__Provided material__:

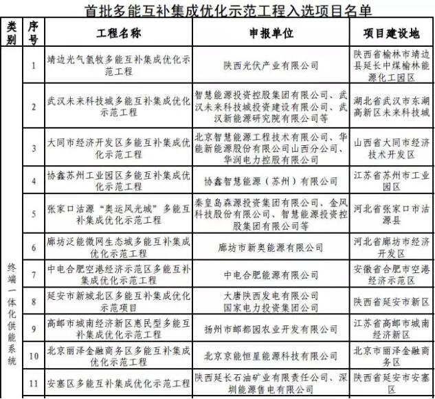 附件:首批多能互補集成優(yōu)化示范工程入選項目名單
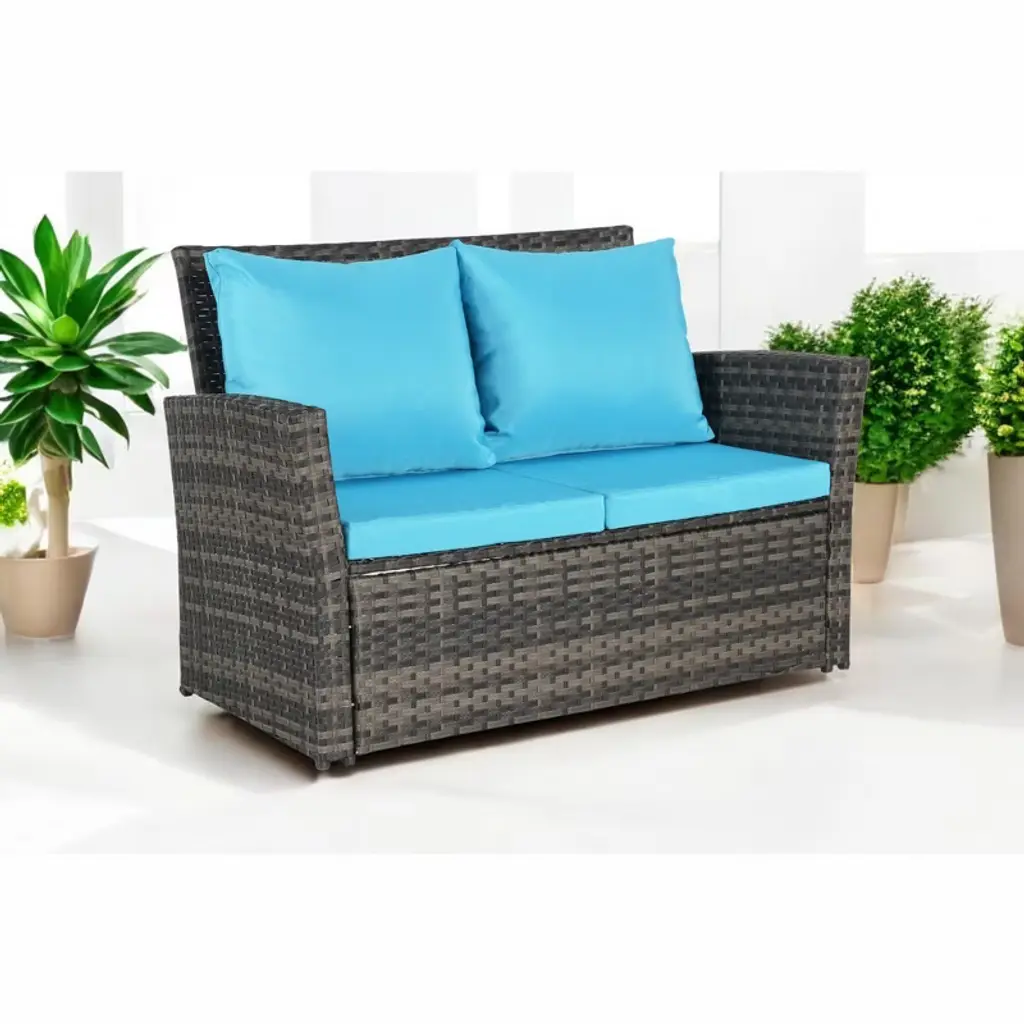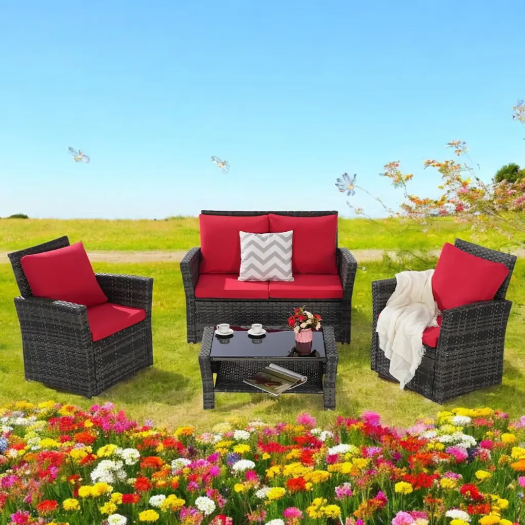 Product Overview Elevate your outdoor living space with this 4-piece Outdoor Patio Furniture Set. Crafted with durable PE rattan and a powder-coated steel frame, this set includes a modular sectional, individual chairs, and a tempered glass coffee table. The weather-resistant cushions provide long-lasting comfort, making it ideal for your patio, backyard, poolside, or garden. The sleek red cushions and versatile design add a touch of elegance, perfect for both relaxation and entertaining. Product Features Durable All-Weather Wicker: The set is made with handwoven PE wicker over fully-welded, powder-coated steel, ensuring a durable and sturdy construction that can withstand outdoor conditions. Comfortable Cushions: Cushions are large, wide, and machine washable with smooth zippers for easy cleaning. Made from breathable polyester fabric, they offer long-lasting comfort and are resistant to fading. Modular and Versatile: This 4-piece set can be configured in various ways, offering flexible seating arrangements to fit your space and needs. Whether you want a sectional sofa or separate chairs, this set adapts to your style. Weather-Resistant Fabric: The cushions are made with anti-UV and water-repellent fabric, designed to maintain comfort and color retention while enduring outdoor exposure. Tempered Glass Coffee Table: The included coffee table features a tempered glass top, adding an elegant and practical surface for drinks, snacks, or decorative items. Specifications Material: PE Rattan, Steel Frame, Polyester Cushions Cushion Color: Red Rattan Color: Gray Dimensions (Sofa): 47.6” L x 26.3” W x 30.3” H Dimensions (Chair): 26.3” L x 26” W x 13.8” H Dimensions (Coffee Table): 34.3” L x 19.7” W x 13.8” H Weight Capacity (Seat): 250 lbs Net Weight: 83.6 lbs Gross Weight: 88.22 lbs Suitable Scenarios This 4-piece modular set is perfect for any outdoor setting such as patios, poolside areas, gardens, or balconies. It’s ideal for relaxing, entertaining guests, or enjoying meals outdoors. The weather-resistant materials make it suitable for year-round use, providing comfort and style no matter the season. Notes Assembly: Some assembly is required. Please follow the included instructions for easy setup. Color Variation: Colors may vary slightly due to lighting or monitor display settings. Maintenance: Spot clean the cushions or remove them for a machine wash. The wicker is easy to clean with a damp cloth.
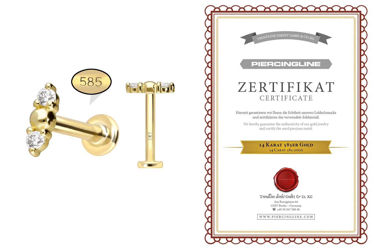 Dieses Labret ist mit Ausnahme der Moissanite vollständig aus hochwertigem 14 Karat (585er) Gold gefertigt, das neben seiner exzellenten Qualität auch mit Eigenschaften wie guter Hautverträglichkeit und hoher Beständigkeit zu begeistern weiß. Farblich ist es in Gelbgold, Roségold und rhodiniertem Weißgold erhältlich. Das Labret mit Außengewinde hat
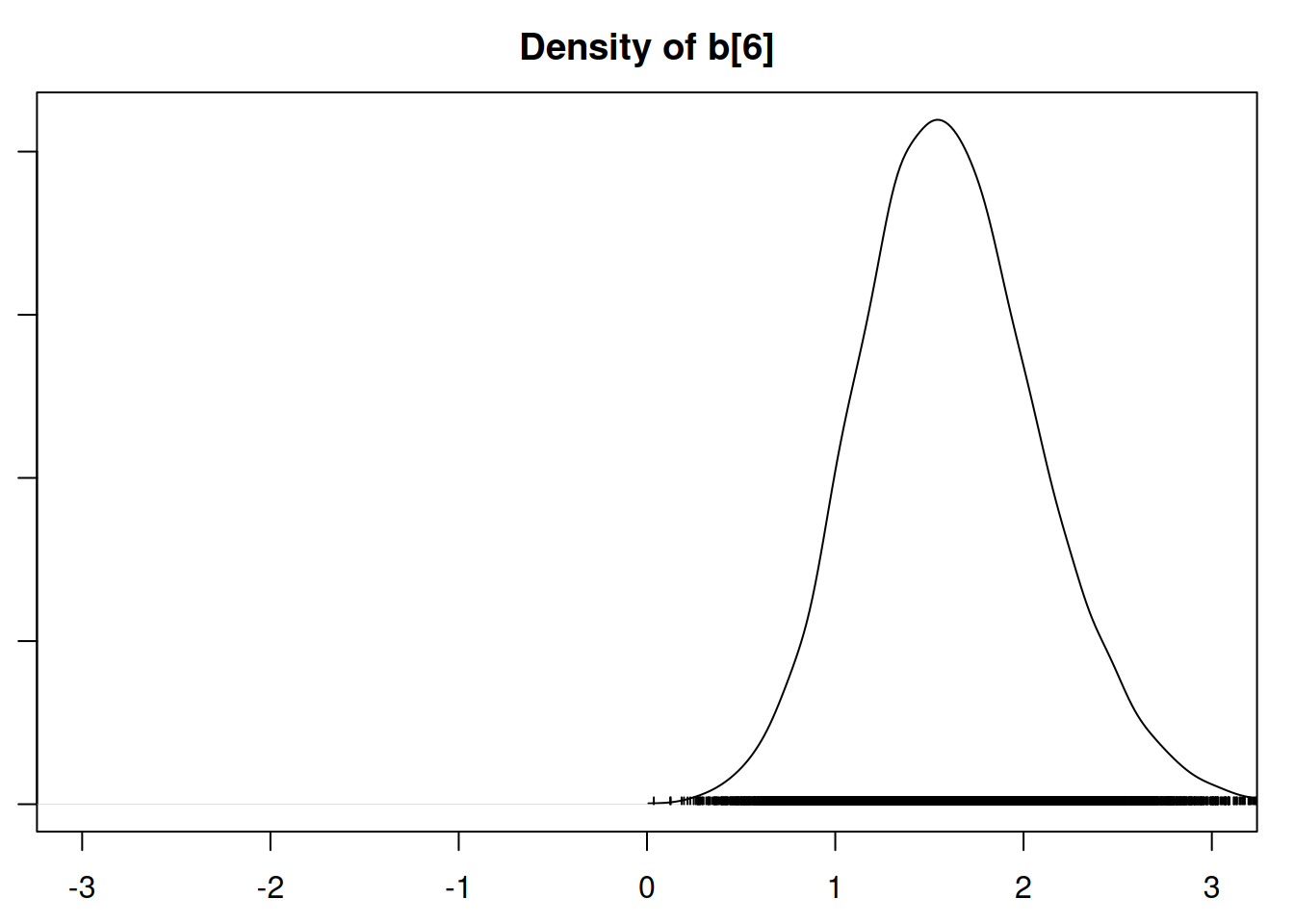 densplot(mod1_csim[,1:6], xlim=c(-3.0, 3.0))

__Action item__:
The response should be the full material, repeated exactly, with images removed.

__Solved exercise__:
 附件:首批多能互補集成優(yōu)化示范工程入選項目名單
 Product Overview Elevate your outdoor living space with this 4-piece Outdoor Patio Furniture Set. Crafted with durable PE rattan and a powder-coated steel frame, this set includes a modular sectional, individual chairs, and a tempered glass coffee table. The weather-resistant cushions provide long-lasting comfort, making it ideal for your patio, backyard, poolside, or garden. The sleek red cushions and versatile design add a touch of elegance, perfect for both relaxation and entertaining. Product Features Durable All-Weather Wicker: The set is made with handwoven PE wicker over fully-welded, powder-coated steel, ensuring a durable and sturdy construction that can withstand outdoor conditions. Comfortable Cushions: Cushions are large, wide, and machine washable with smooth zippers for easy cleaning. Made from breathable polyester fabric, they offer long-lasting comfort and are resistant to fading. Modular and Versatile: This 4-piece set can be configured in various ways, offering flexible seating arrangements to fit your space and needs. Whether you want a sectional sofa or separate chairs, this set adapts to your style. Weather-Resistant Fabric: The cushions are made with anti-UV and water-repellent fabric, designed to maintain comfort and color retention while enduring outdoor exposure. Tempered Glass Coffee Table: The included coffee table features a tempered glass top, adding an elegant and practical surface for drinks, snacks, or decorative items. Specifications Material: PE Rattan, Steel Frame, Polyester Cushions Cushion Color: Red Rattan Color: Gray Dimensions (Sofa): 47.6” L x 26.3” W x 30.3” H Dimensions (Chair): 26.3” L x 26” W x 13.8” H Dimensions (Coffee Table): 34.3” L x 19.7” W x 13.8” H Weight Capacity (Seat): 250 lbs Net Weight: 83.6 lbs Gross Weight: 88.22 lbs Suitable Scenarios This 4-piece modular set is perfect for any outdoor setting such as patios, poolside areas, gardens, or balconies. It’s ideal for relaxing, entertaining guests, or enjoying meals outdoors. The weather-resistant materials make it suitable for year-round use, providing comfort and style no matter the season. Notes Assembly: Some assembly is required. Please follow the included instructions for easy setup. Color Variation: Colors may vary slightly due to lighting or monitor display settings. Maintenance: Spot clean the cushions or remove them for a machine wash. The wicker is easy to clean with a damp cloth.
 Dieses Labret ist mit Ausnahme der Moissanite vollständig aus hochwertigem 14 Karat (585er) Gold gefertigt, das neben seiner exzellenten Qualität auch mit Eigenschaften wie guter Hautverträglichkeit und hoher Beständigkeit zu begeistern weiß. Farblich ist es in Gelbgold, Roségold und rhodiniertem Weißgold erhältlich. Das Labret mit Außengewinde hat
 densplot(mod1_csim[,1:6], xlim=c(-3.0, 3.0))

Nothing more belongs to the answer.